» Data section:

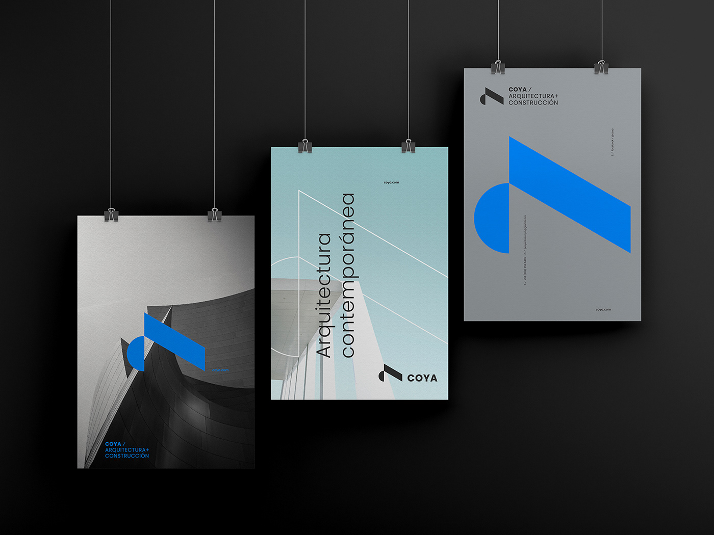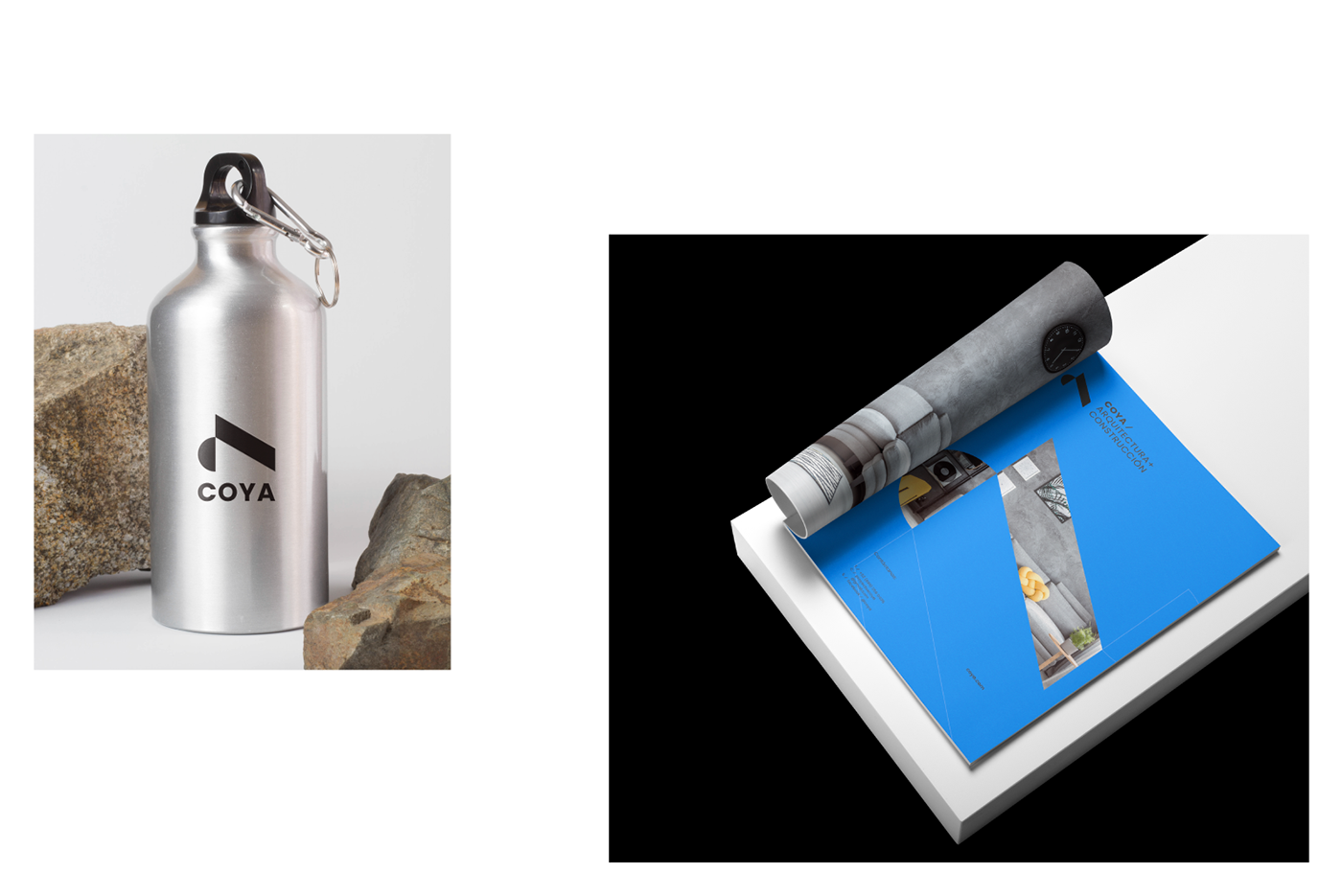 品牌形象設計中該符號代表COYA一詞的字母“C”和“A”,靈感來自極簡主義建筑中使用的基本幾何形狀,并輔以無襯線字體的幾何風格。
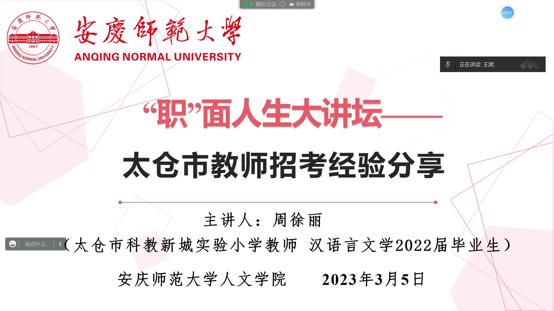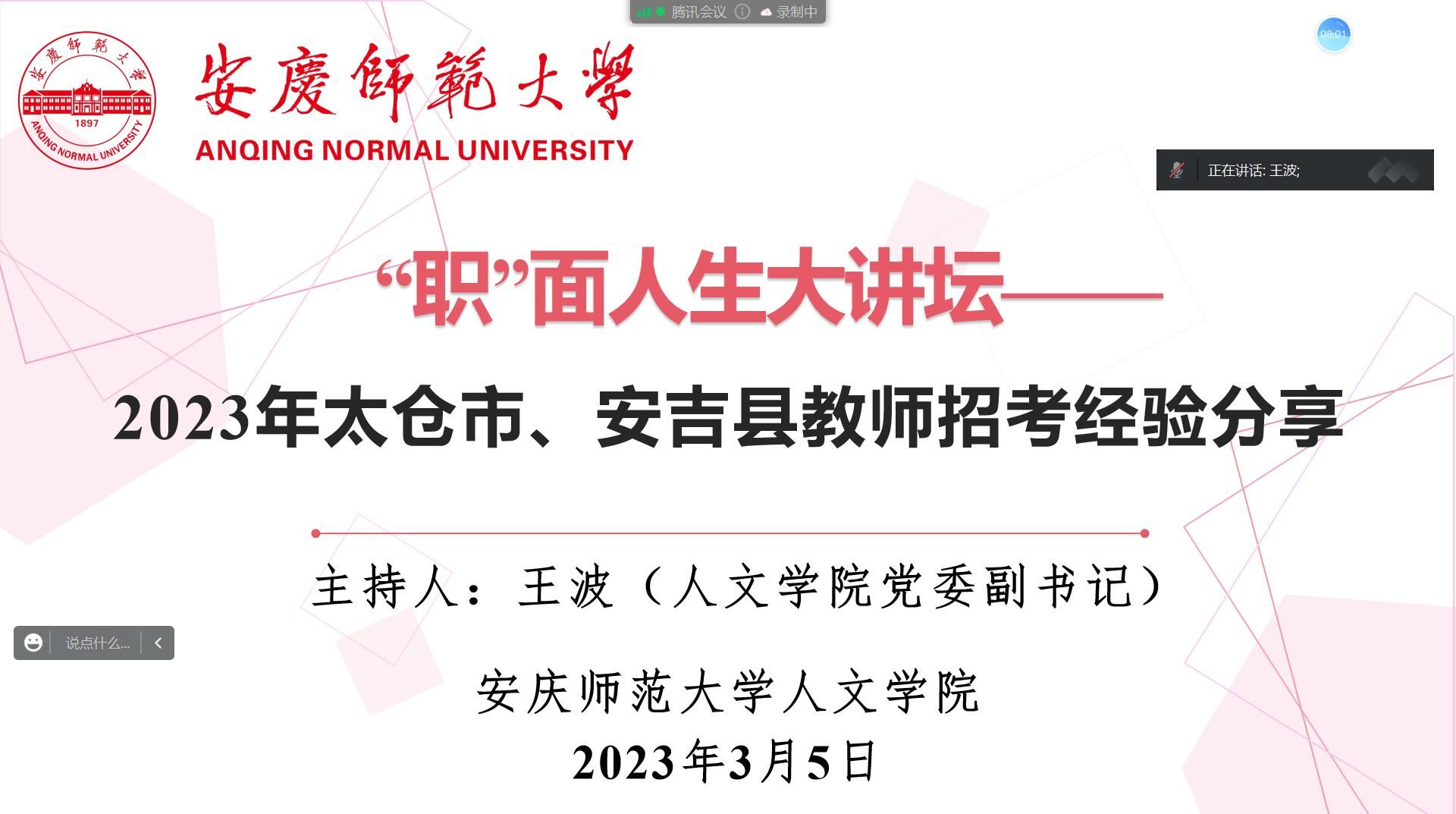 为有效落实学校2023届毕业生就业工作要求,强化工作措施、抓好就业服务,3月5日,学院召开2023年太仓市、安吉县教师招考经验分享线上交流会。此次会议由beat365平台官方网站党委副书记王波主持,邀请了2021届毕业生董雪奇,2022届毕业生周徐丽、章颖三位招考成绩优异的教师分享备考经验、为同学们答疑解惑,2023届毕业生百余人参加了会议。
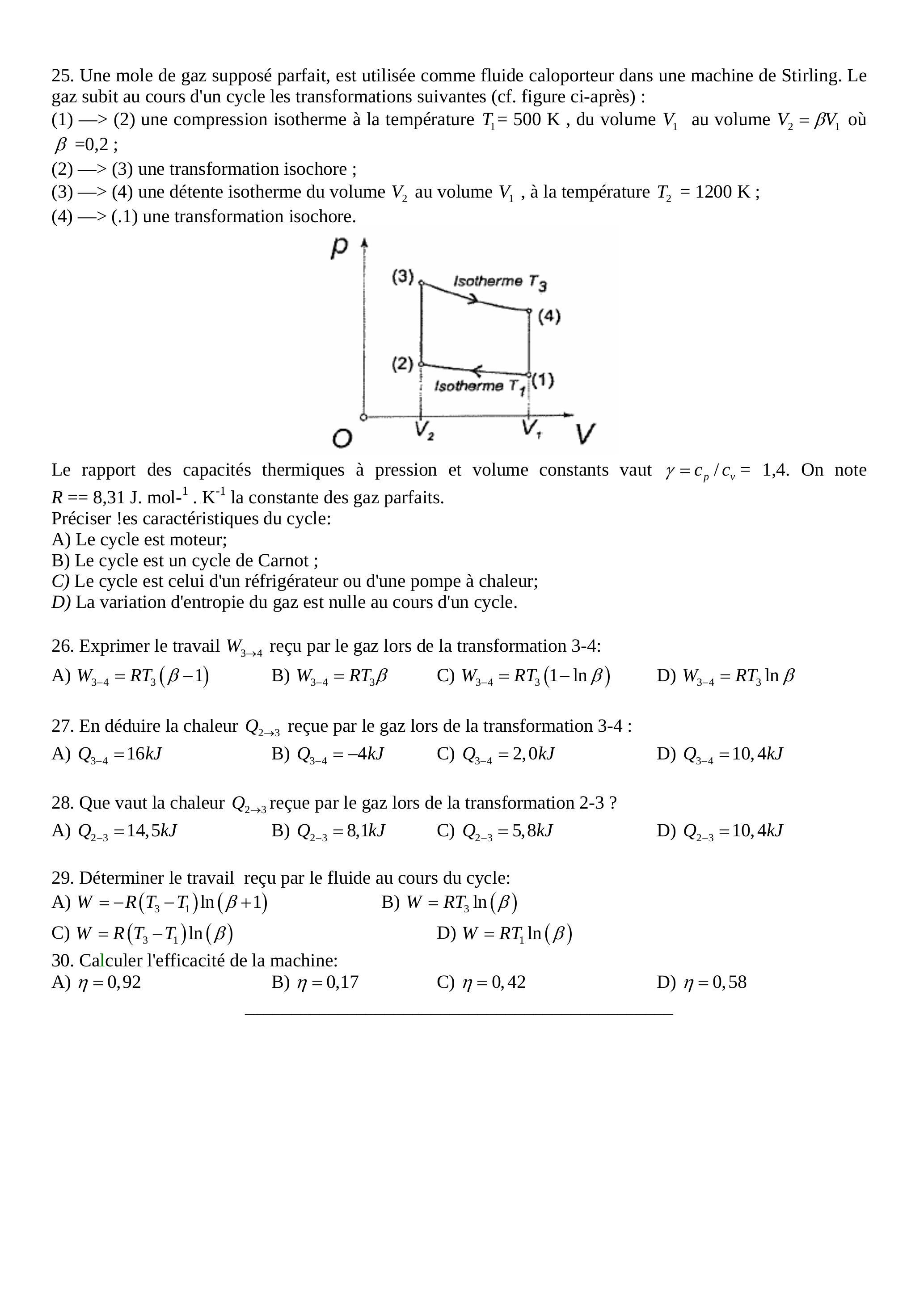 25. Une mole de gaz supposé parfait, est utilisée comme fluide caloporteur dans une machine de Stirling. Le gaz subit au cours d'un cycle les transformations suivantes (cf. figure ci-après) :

» Exercise prompt:
An exact transcript of the listing is needed, free of pictures.

» Result of this task:
 品牌形象設計中該符號代表COYA一詞的字母“C”和“A”,靈感來自極簡主義建筑中使用的基本幾何形狀,并輔以無襯線字體的幾何風格。
 为有效落实学校2023届毕业生就业工作要求,强化工作措施、抓好就业服务,3月5日,学院召开2023年太仓市、安吉县教师招考经验分享线上交流会。此次会议由beat365平台官方网站党委副书记王波主持,邀请了2021届毕业生董雪奇,2022届毕业生周徐丽、章颖三位招考成绩优异的教师分享备考经验、为同学们答疑解惑,2023届毕业生百余人参加了会议。
 25. Une mole de gaz supposé parfait, est utilisée comme fluide caloporteur dans une machine de Stirling. Le gaz subit au cours d'un cycle les transformations suivantes (cf. figure ci-après) :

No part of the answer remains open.